Surtout, au plan international, Biya redevint subitement fréquentable : dans un timing parfait, Emmanuel Macron a pu s’afficher tout sourire avec lui le 10 octobre à Lyon, en marge de la conférence du Fonds mondial de lutte contre le sida, la tuberculose et le paludisme, et évoquer avec lui les relations bilatérales et la coopération entre les deux pays. Des images largement diffusées au Cameroun, où le régime de Paul Biya peut à nouveau se targuer du soutien de la France.

Post scriptum

Le timing est tellement parfait que 12 jours après cette rencontre entre Biya et Macron, le ministre français des Affaires étrangères Jean-Yves Le Drian s’est précipité au Cameroun, les 23 et 24 octobre. Pour les Français, l’enjeu semble de rappeler à Biya qu’il peut compter sur la légitimation du "pays des Droits de l’Homme" s’il ne s’écarte pas trop des intérêts tricolores. Le calendrier permet ainsi de l’empêcher de se rendre au forum économique Russie-Afrique, organisé exactement aux mêmes dates à Sotchi et qui consacre la volonté de Moscou d’accroître son influence sur le continent africain. La France, pays jacobin par excellence, prétend désormais appuyer le Cameroun pour la définition et la mise en oeuvre du « statut spécial » des régions anglophones - un peu comme lorsque la mairie de Paris de Jacques Chirac voulait former à l’organisation d’élections transparentes. Et la diplomatie tricolore met le paquet : Le Drian, tout en annonçant au sortir du palais de Biya « une relance de la coopération entre le Cameroun et la France dans tous les domaines, y compris dans le domaine politique », inaugure un pont construit à Douala sur des financements du Contrat de Désendettement Développement (C2D) aiguillés vers Vinci.

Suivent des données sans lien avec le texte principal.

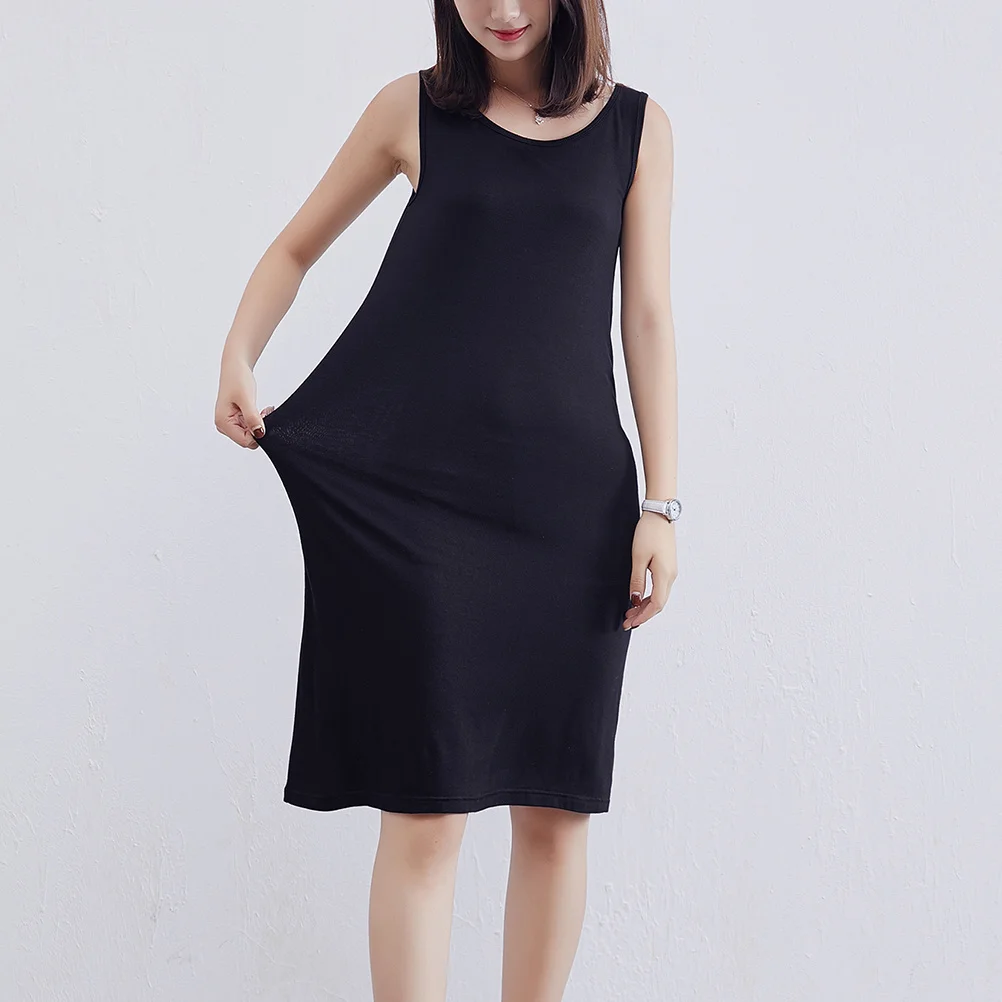 1 Uds vestido de verano para mujer talla negra M sin mangas corte en A longitud media Casual ropa de abrigo suelta chaleco falda cómoda Modal-Spandex
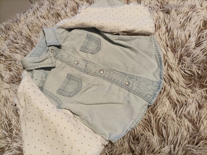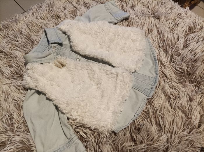 Magnifique chemise en jean avec gilet en fourrure sans manches
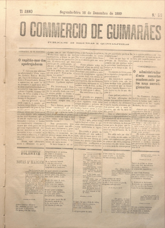 Comércio de Guimarães, nº 519, de 16/12/1889
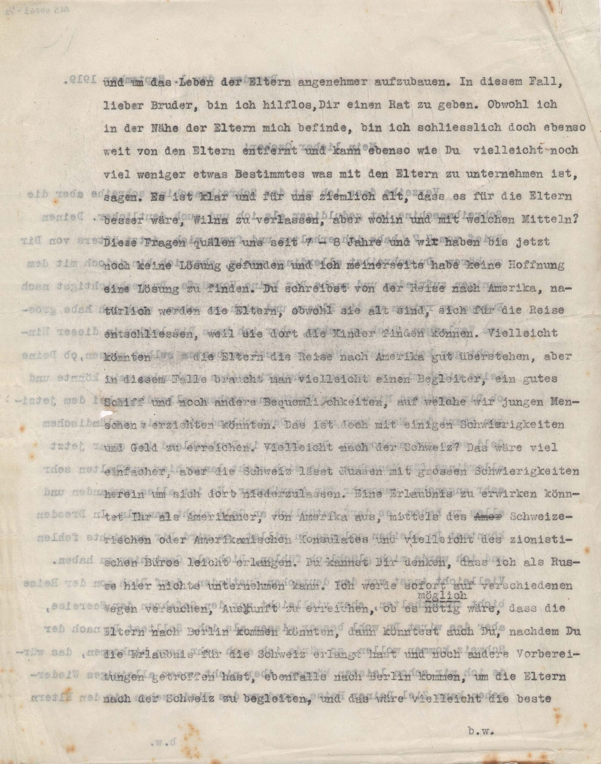Ao final da primeira e da segunda páginas, estão escritas as iniciais "b.w."
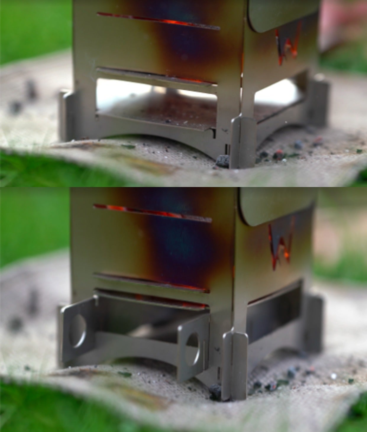 ついにコンパクトストーブのすべての弱点を克服したものが現れました! ポットホルダーの丸い穴もよく考えられていますね。(マードック55)
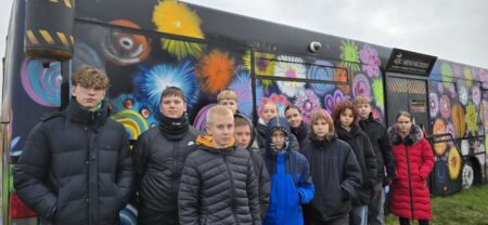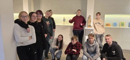 Įgyvendinant TŪM projekto „Vizualinių menų“ programą, spalio 22 dieną 8 b klasės mokiniams kūrybinės veiklos persikėlė į Akmenės krašto muziejų: susipažįstant su ekspozicijomis, klausantis, analizuojant ir vertinant šios įstaigos renginių kuratorės Sandros Saliamanienės įdomiai pateiktą informaciją apie eksponatus, papildytą istorijomis ir praktiškai prisiliečiant prie ekspozicijų.
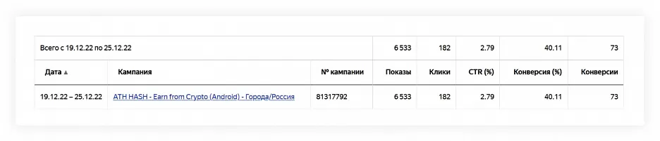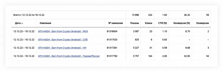Для успешной работы кампании типа РМП и ее оптимизации по целевым действиям, например, по установкам, она должна получать по 10 таких целевых действий в день или 70 в неделю. Наша статистика показывала, что разделение сыграло нам в минус. Каждая компания по отдельности не давала нужного количества установок.
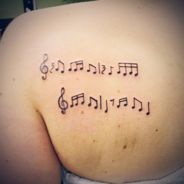 Sweet Music Note Tattoo On Shoulder Back
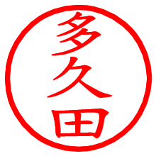 [朱肉の色]を選び、入力窓に“多久田”と入力して[生成]ボタンを押すと、印影が更新され、リンクから電子印鑑(デジタル印影)がダウンロードできます。 電子印鑑「多久田」の作り方文字表示が変なときや、文字バランスが悪いときは[字形切替]のチェックボックスでON/OFFを切り替え[生成]しなおしてください。 生成される画像は通常の印影「多久田.png」と、にじみを表現した少し太めの印影「多久田B.png」の背面透過PNG形式2種と、鮮明なPDF形式の印影「多久田.pdf」の計3種類です。 朱肉の微妙な色の違いを7色で表現しました。デフォルト(左端)は、JISが定めた朱肉の色のマンセル値(7.5R 5/14)をRGB値(217,66,54)に変換したものになっています。 「電子透かし」にチェックを入れて[生成]ボタンを押すと、タイムスタンプを電子透かしとして埋め込んだセキュアな電子印鑑が作れます。詳細は別ページの「タイムスタンプと電子透かし」でご覧ください。 多久田さんの日付印が作れます。「日付スタンプメーカー」は、社内向けの書類に利用されることの多い日付印(データ印)が無料で作れるWebアプリケーションです。中段に日付が入り、上段と下段は、ともに8文字まで文字が入ります。 ![]() 古代文字で落款印が作れます。「落款スタンプメーカー」で作品を引き立たせる落款印が作れます。
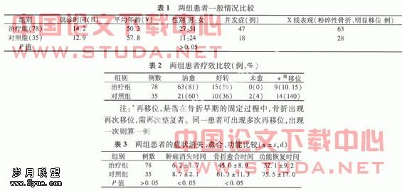 1.1 资料 将2006年至今我科门诊治疗的有完整随访资料的科雷氏骨折78例列为治疗组,将2002-2005年底按传统方法治疗的有完整随访资料的科雷氏骨折35例列为对照组。?
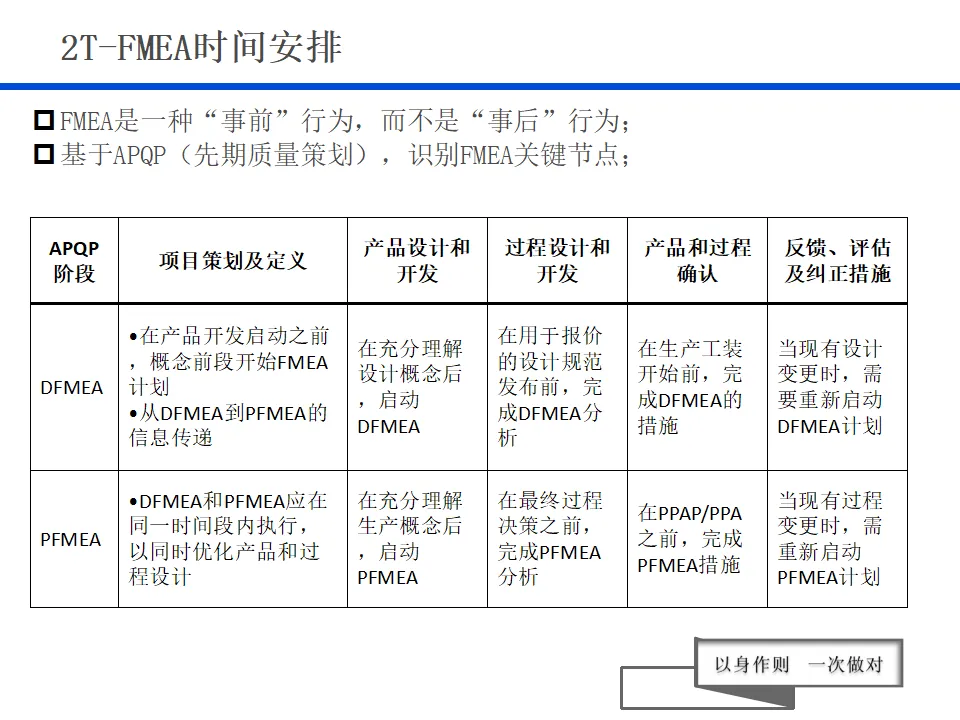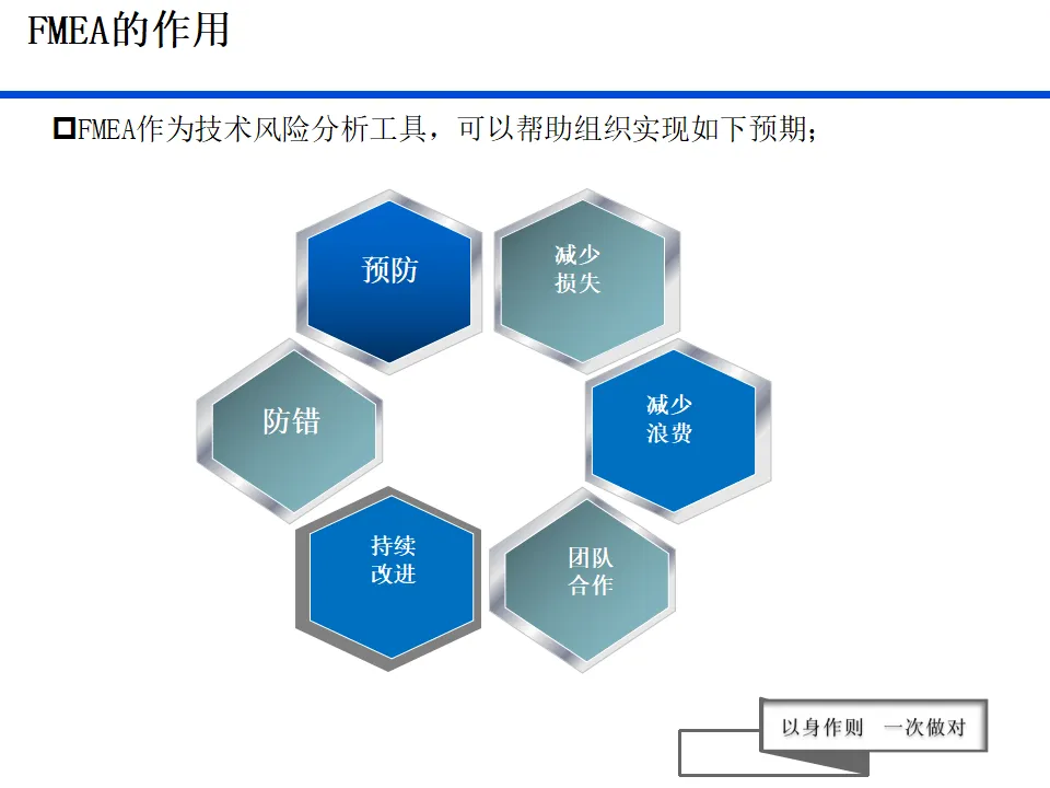:在产品设计和过程设计阶段就预防失效的发生,这是FMEA最核心的作用。
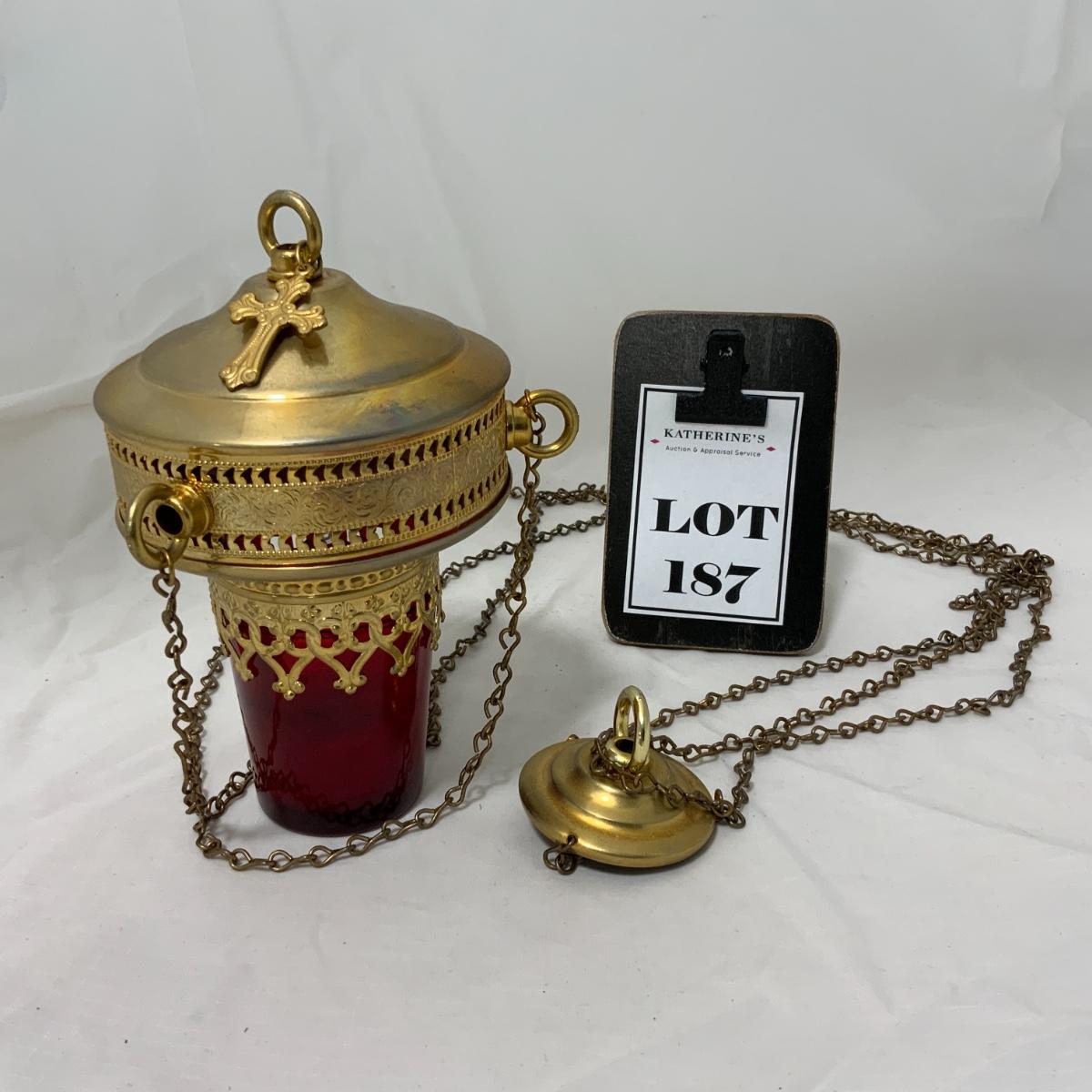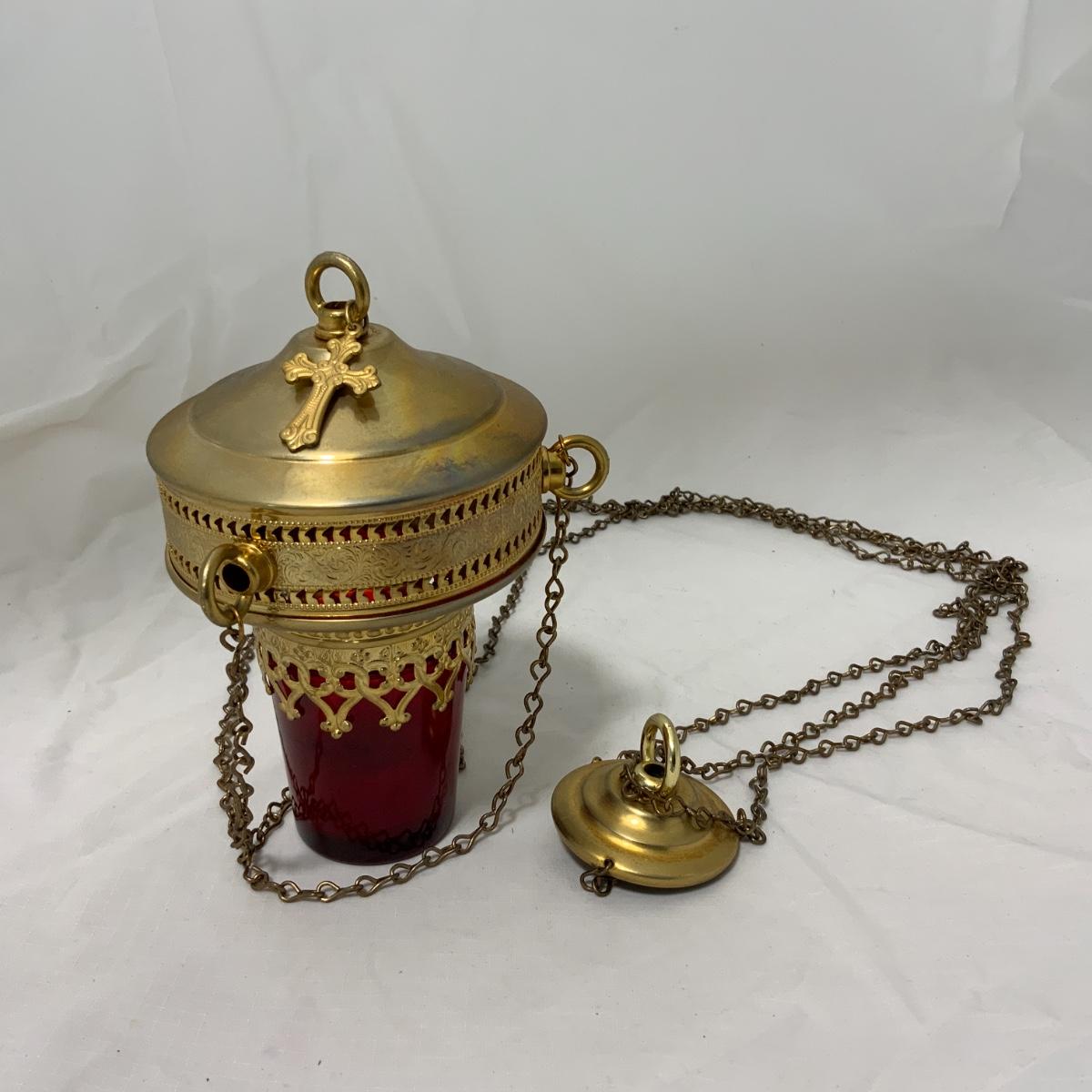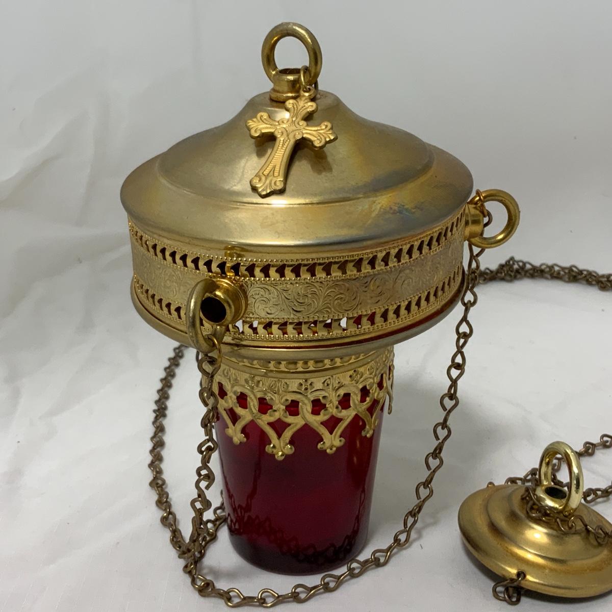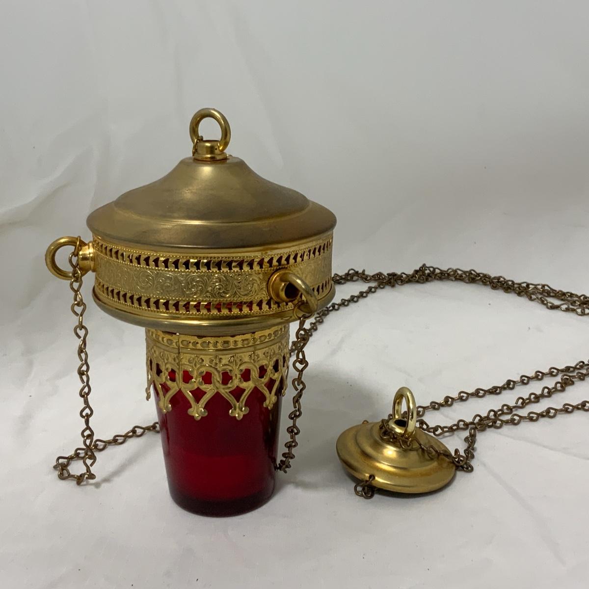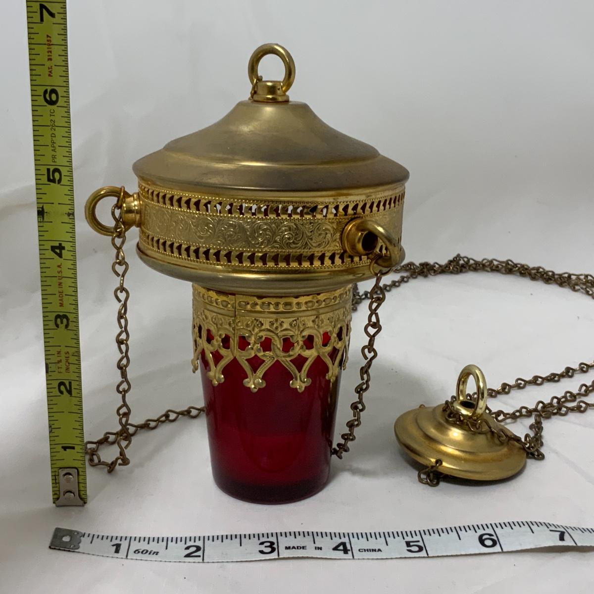 From the Estate of Peter Radovanovich: Beautiful and ornate Sanctuary Lamp to hang in your home. Holds a votive candle and is protected by the cover to burn brightly and illuminate the idols that you have hanging in your home. Please see photos for details and condition. ::: Shipping is available on this lot. If you require shipping you must let us know at the close of the auction. We will coordinate with you after the item has been won. Shipping fees will include insurance up to or exceeding the value of all items being mailed. If you have any questions regarding this lot please contact the auctioneer either via this website, by direct email or by phone. PICK UP TIMES and other important information can be found in the TERMS and DESCRIPTION of the auction. Please take a look for pertinent information. Thanks!

Photo du document (non authentifié) qui a circulé sur les réseaux sociaux dès le 24 octobre


Biya n’est pas ingrat d’un tel soutien : après avoir laissé depuis janvier Bolloré se faire écarter du renouvellement de la concession du port de Douala, il a, selon un document qui a circulé sur les réseaux sociaux dès le lendemain, donné instruction le 23 octobre de geler le processus d’attribution au concurrent de Bolloré.
Mais le soutien militaire, qui envoie dans pays en guerre le signal politique le plus fort, est aussi au menu, comme en témoigne « l’accostage inédit » le même jour d’un navire militaire français au nouveau port de Kribi (co-géré par Bolloré) « avec à son bord 180 membres de l’équipage et du matériel militaire pour l’exercice ”Grand Africa Nemo” » prévu 4 jours après le départ de Le Drian (CRTV, 23/10). Les Camerounais savaient déjà que le "Grand Biyalogue National" n’était qu’une farce, ils ont désormais la confirmation qu’elle a été co-écrite à Yaoundé et à Paris.